Examples of integral transforms. The Bochner transform:
$$ [ T f ] ( r) = 2 \pi r ^ {1-n/2} \int\limits _ { 0 } ^ \infty J _ {n/2-1} ( 2 \pi r \rho ) \rho ^ {n/2} f ( \rho ) d \rho , $$
where $ J _ \nu ( x) $ is the Bessel function of the first kind of order $ \nu $( cf. Bessel functions) and $ \rho $ is the distance in $ \mathbf R ^ {n} $. The inversion formula is: $ f = T ^ {2} f $. The Parseval identity is:
$$ \int\limits _ { 0 } ^ \infty | [ T f ] ( r) | ^ {2} r ^ {k-1} d r = \ \int\limits _ { 0 } ^ \infty | f ( \rho ) | ^ {2} \rho ^ {k-1} d \rho . $$
The Weber transform:
$$ F ( u , a ) = \ \int\limits _ { a } ^ \infty c _ \nu ( t u , a u ) t f ( t) d t ,\ a \leq t \leq \infty , $$
where $ c _ \nu ( \alpha , \beta ) \equiv J _ \nu ( \alpha ) Y _ \nu ( \beta ) - Y _ \nu ( \alpha ) J _ \nu ( \beta ) $ and $ J _ \nu $ and $ Y _ \nu $ are the Bessel functions of first and second kind. The inversion formula is:
$$ f ( x) = \int\limits _ { 0 } ^ \infty \frac{c _ \nu ( x u , a u ) }{J _ \nu ^ {2} ( a u ) + Y _ \nu ^ {2} ( a u ) } u F ( u , a ) d u . $$
For $ a \rightarrow 0 $, the Weber transform turns into the Hankel transform:
$$ F ( x) = \int\limits _ { 0 } ^ \infty \sqrt {x t } J _ \nu ( x t ) f ( t) d t ,\ \ 0 < x < \infty . $$
For $ \nu = \pm 1/2 $ this transform reduces to the Fourier sine and cosine transforms. The inversion formula is as follows: If $ f \in L _ {1} ( 0 , \infty ) $, if $ f $ is of bounded variation in a neighbourhood of a point $ t _ {0} > 0 $ and if $ \nu \geq - 1/2 $, then
$$ \frac{f ( t _ {0} + 0 ) + f ( t _ {0} - 0 ) }{2} = \ \int\limits _ { 0 } ^ \infty \sqrt {t _ {0} x } J _ \nu ( t _ {0} x ) F ( x) d x . $$
The Parseval identity: If $ \nu \geq - 1/2 $, if $ F $ and $ G $ are the Hankel transforms of the functions $ f $ and $ g $, where $ f , g \in L _ {1} ( 0 , \infty ) $, then
$$ \int\limits _ { 0 } ^ \infty f ( t) g ( t) d t = \ \int\limits _ { 0 } ^ \infty F ( x) G ( x) d x . $$
Other forms of the Hankel transform are:
$$ \int\limits _ { 0 } ^ \infty J _ \nu ( x t ) t f ( t) d t ,\ \ \int\limits _ { 0 } ^ \infty J _ \nu ( 2 \sqrt {x t } ) f ( t) d t . $$
The Weierstrass transform:
$$ f ( x) = \ \frac{1}{\sqrt {4 \pi } } \int\limits _ {- \infty } ^ \infty \mathop{\rm exp} \left [ - \frac{( x - t ) ^ {2} }{4} \right ] f ( t ) d t ; $$
it is a special case of a convolution transform.
Repeated transforms. Let
$$ f _ {i+} 1 ( x) = \ \int\limits _ { 0 } ^ \infty f _ {i} ( t) K _ {i} ( x t ) d t ,\ \ i = 1 \dots n , $$
where $ f _ {n+} 1 ( x) = f _ {1} ( x) $. Such a sequence of integral transforms is called a chain of integral transforms. For $ n = 2 $, repeated integral transforms are often called Fourier transforms.
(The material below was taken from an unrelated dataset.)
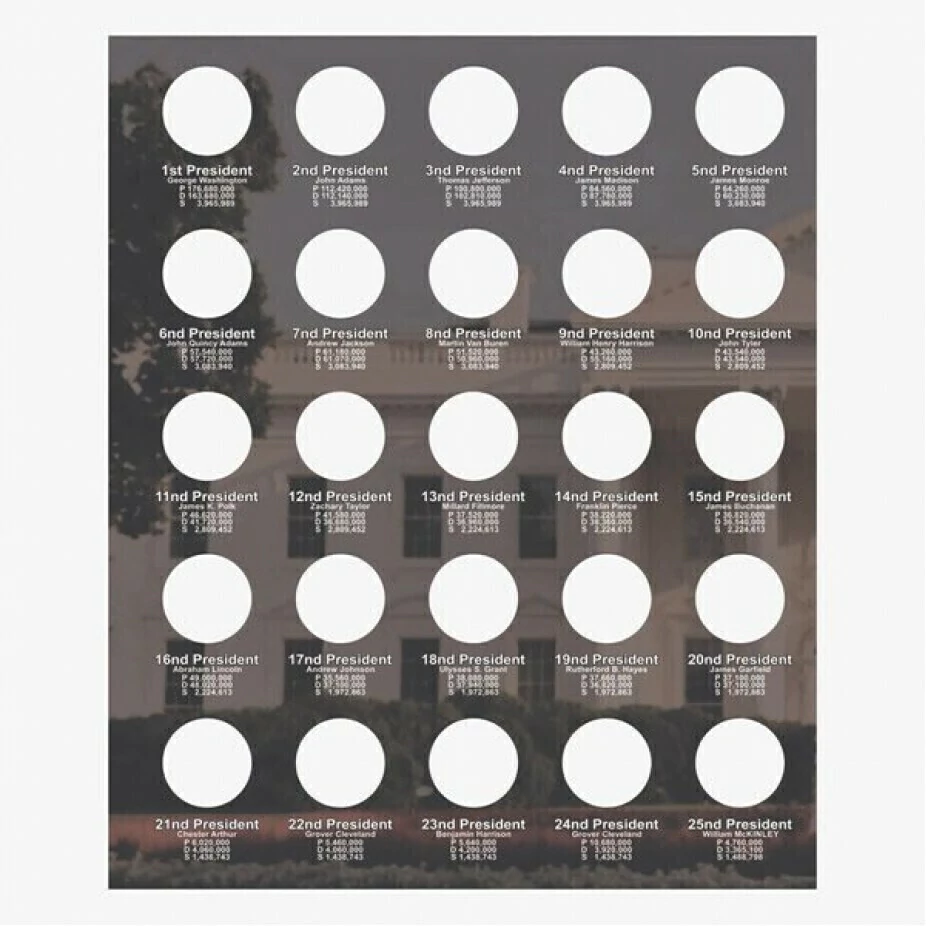 Nesse álbum você encontra os espaços para guardar e organizar todas as moedas de 1 dollar da serie Presidentes Americanos, uma moeda de cada presidente.
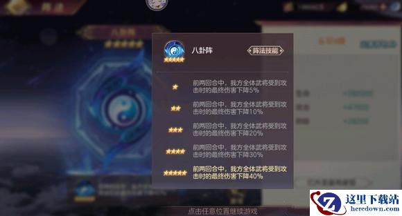阵法:八卦阵是性价比最高的阵容,锋矢与鹤翼优先级较低。八卦能减少伤害甚至真伤以及百分比伤害,而锋矢无法第一回合触发并不契合灭队,因此无论抗队灭队都先拉满八卦阵(八卦可以被清阵,可以点个一星锋矢减少八卦被清除的概率)

Multiple (multi-dimensional) integral transforms are transforms (1) where $ t , x \in \mathbf R ^ {n} $ and $ C $ is some domain in the complex Euclidean $ n $- dimensional space.
Integral transforms of generalized functions can be constructed by the following basic methods:
1) One constructs a space of test functions $ U $ containing the kernel $ K ( x , t ) $ of the integral transform $ T $ under consideration. Then the transform $ T f $ for any generalized function $ f \in U ^ \prime $ is defined as the value of $ f $ on the test function $ K ( x , t ) $ according to the formula
$$ T [ f ( t) ] ( x) = \langle f , K ( x , t ) \rangle . $$
2) A space of test functions $ U $ is constructed on which the classical integral transform $ T $ is defined, mapping $ U $ onto some space of test functions $ V $. Then the integral transform $ T ^ \prime $ of a generalized function $ f \in V ^ \prime $ is defined by the equation
$$ \langle T ^ \prime f , \phi \rangle = \langle f , T \phi \rangle ,\ \ \phi \in U . $$
3) The required integral transform is expressed in terms of another integral transform that is defined for generalized functions.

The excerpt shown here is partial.